Certain CMS suppliers, although not all it transpired, employ a business practice that binds law firms to minimum SLA agreements which coexist with the software licensing agreements. These agreements often involve rather unpleasant occurrences of substantial rate increases unless SLA terms are accepted. It resembles a shotgun wedding—minus the dancing or cake—for practices reliant on CMS platforms, and would be difficult to operate without it, especially at short notice. According to the experts present, firms should sign the agreement if necessary, but swiftly adopt OpenAPI providers/developers to transition away from questionable technological life support systems. In essence, abandon silos and embrace an open-minded approach to connectivity.

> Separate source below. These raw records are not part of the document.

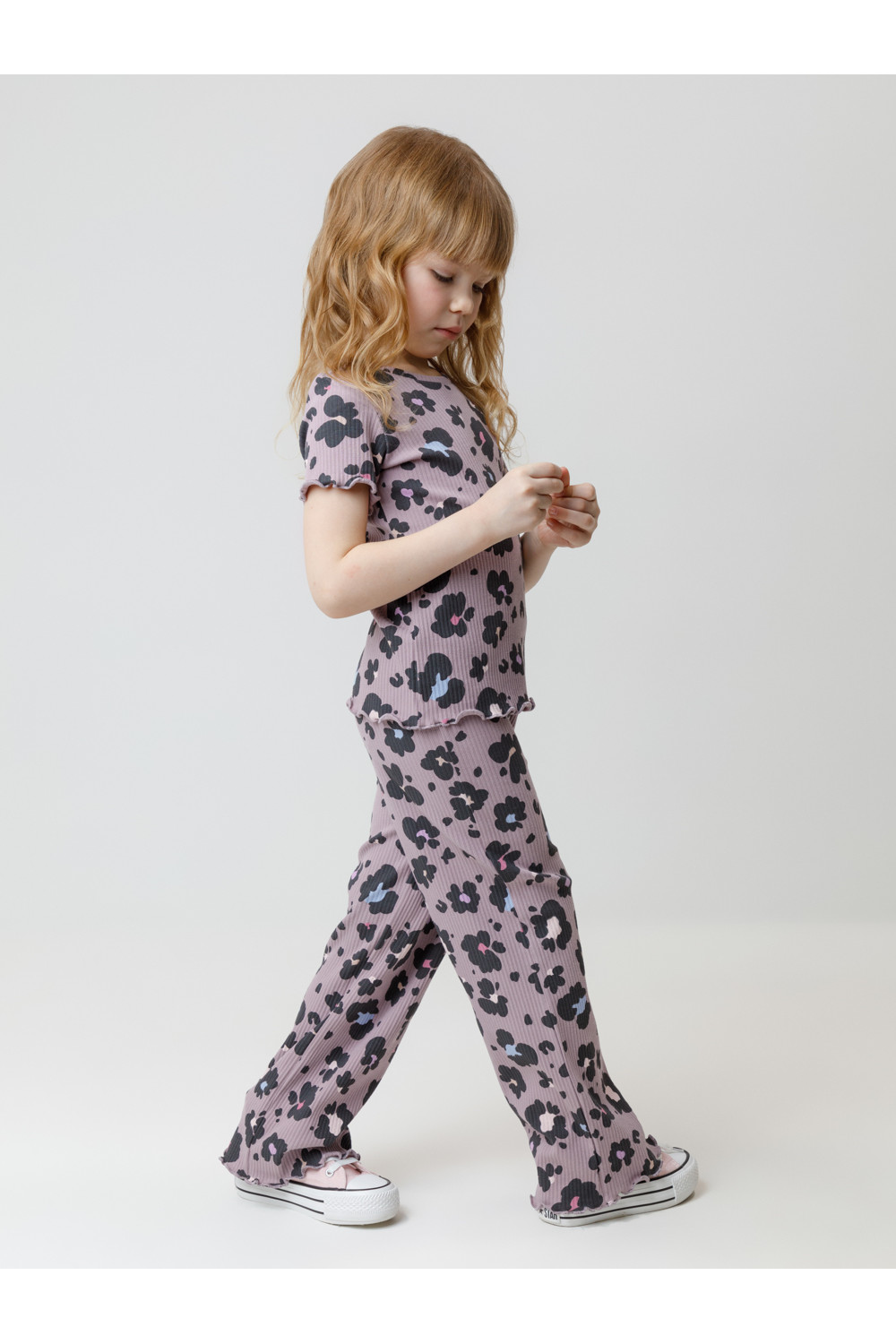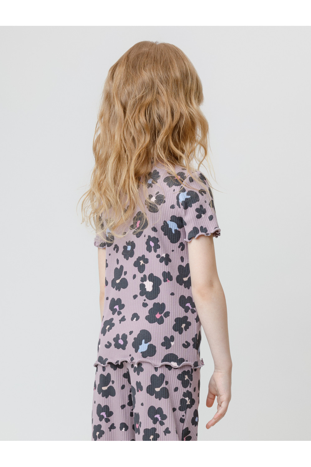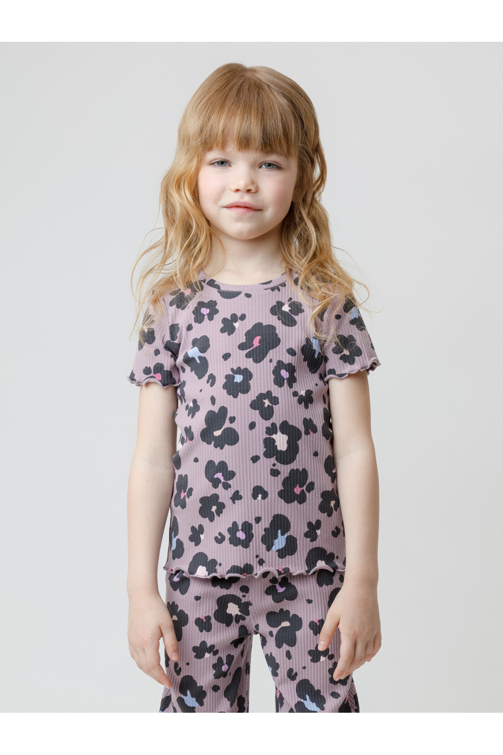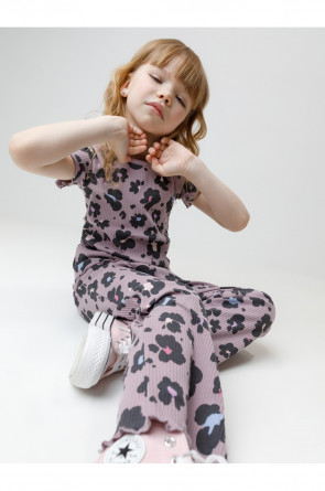 Футболка из эластичного трикотажа в рубчик для девочки. Оригинальный рисунок выполнен из стойких текстильных гипоаллергенных красителей. Изделие сохраняет цвет и форму после многократных стирок. Все трикотажные полотна производятся в соответствии с нормами швейцарского сертификата ЭкоТекс.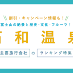主要旅行会社の【石和温泉】旅館ランキング・おすすめ旅行プランや、キャンペーン・クーポン情報をまとめました。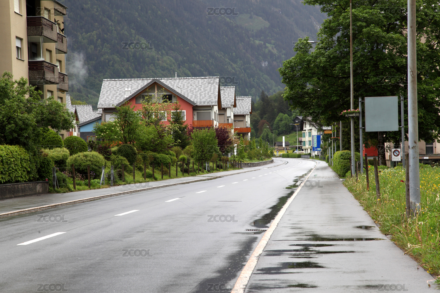 欧洲瑞士尔卑斯铁力士雪山下小镇风景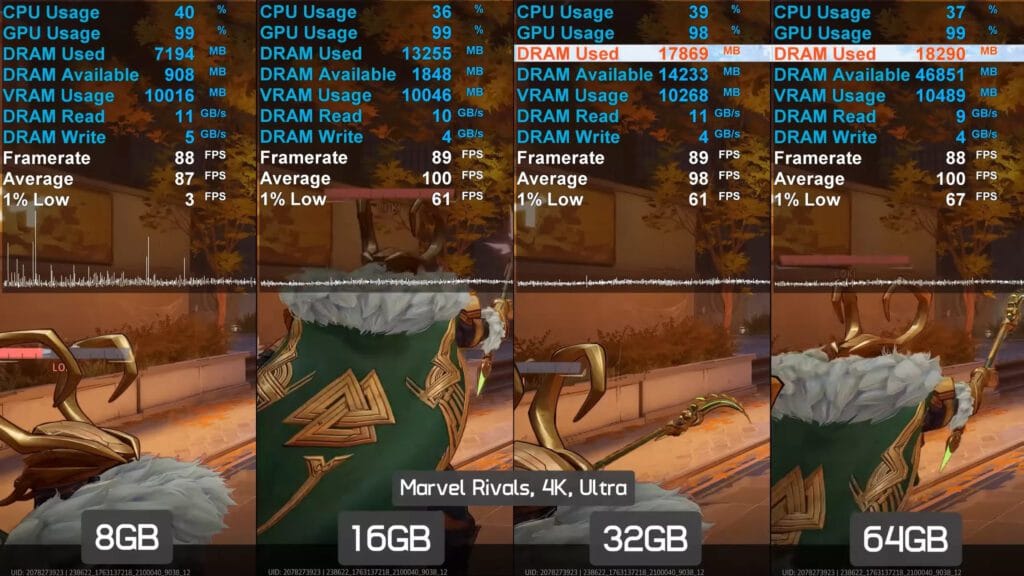 Uno de los hallazgos más reveladores del análisis de TechSpot es la relación simbiótica entre la memoria RAM del sistema y la memoria de video (VRAM) de la tarjeta gráfica. Al probar Marvel Rivals con una tarjeta gráfica de solo 8GB de VRAM (una RX 9060 XT simulada), la situación cambió drásticamente y cuando la VRAM se llena, los activos del juego se desbordan hacia la memoria del sistema (RAM).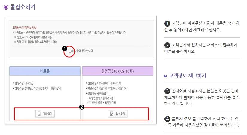 - 전일 접수는 휠체어를 이용하는 중증 장애인만 사용할 수 있으며, 출발 24시간 전부터 07시, 08시, 10시 시간대에 신청할 수 있습니다. 시간대별로 선착순으로 접수됩니다.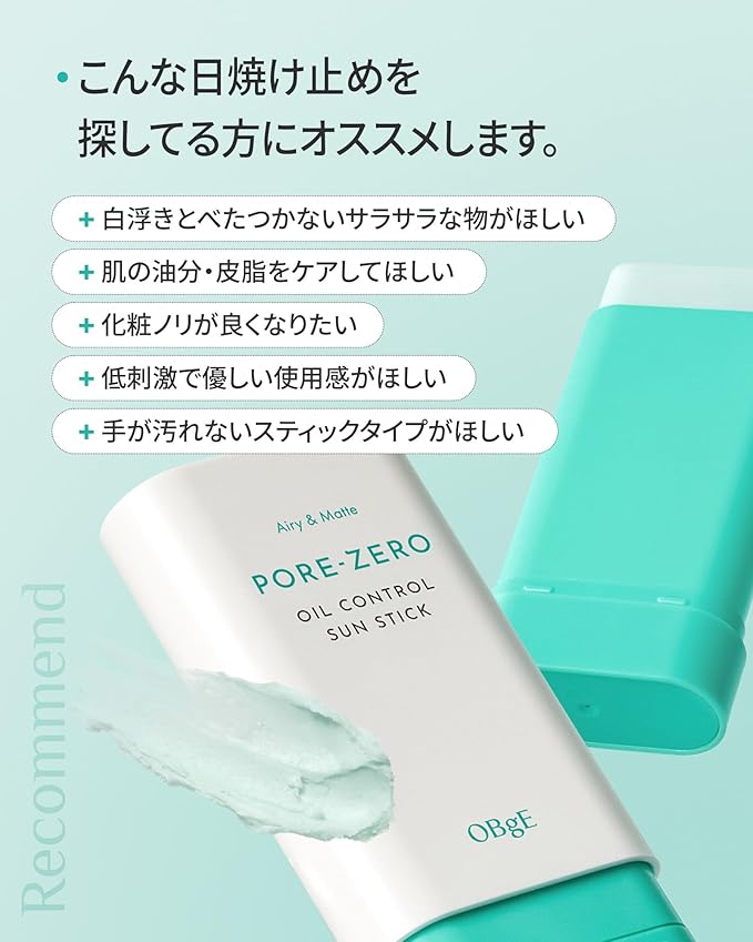 【公式】オブジェ (OBgE) オイルコントロールサンスティック 【日焼け止め メンズ 毛穴ケア 化粧下地 日焼け止め スティック 韓国コスメ】

Compliance will play a key role in this and those with a discerning eye won’t need to decipher the SRA’s sentiment or direction. The middle ground of conflict exists and simply pointing at the computer and saying ‘it said no’ will not be enough to satisfy the regulation of the future. MRLO, data governance, consumer experience, and ethical practices are already in play, but it’s time to strategize how to maintain technology compliance, provide team training for new technology and navigate transitions to new systems—considering the business’s present, future, and impending inspection dates.

So before I skip into the next board meeting to discuss my version of open-minded, AI connected, blue sky shiny new systems, I am having a motivational poster created for my office window.  It will read – if you think compliance is expensive, try non-compliance.  Let the party invites flood in.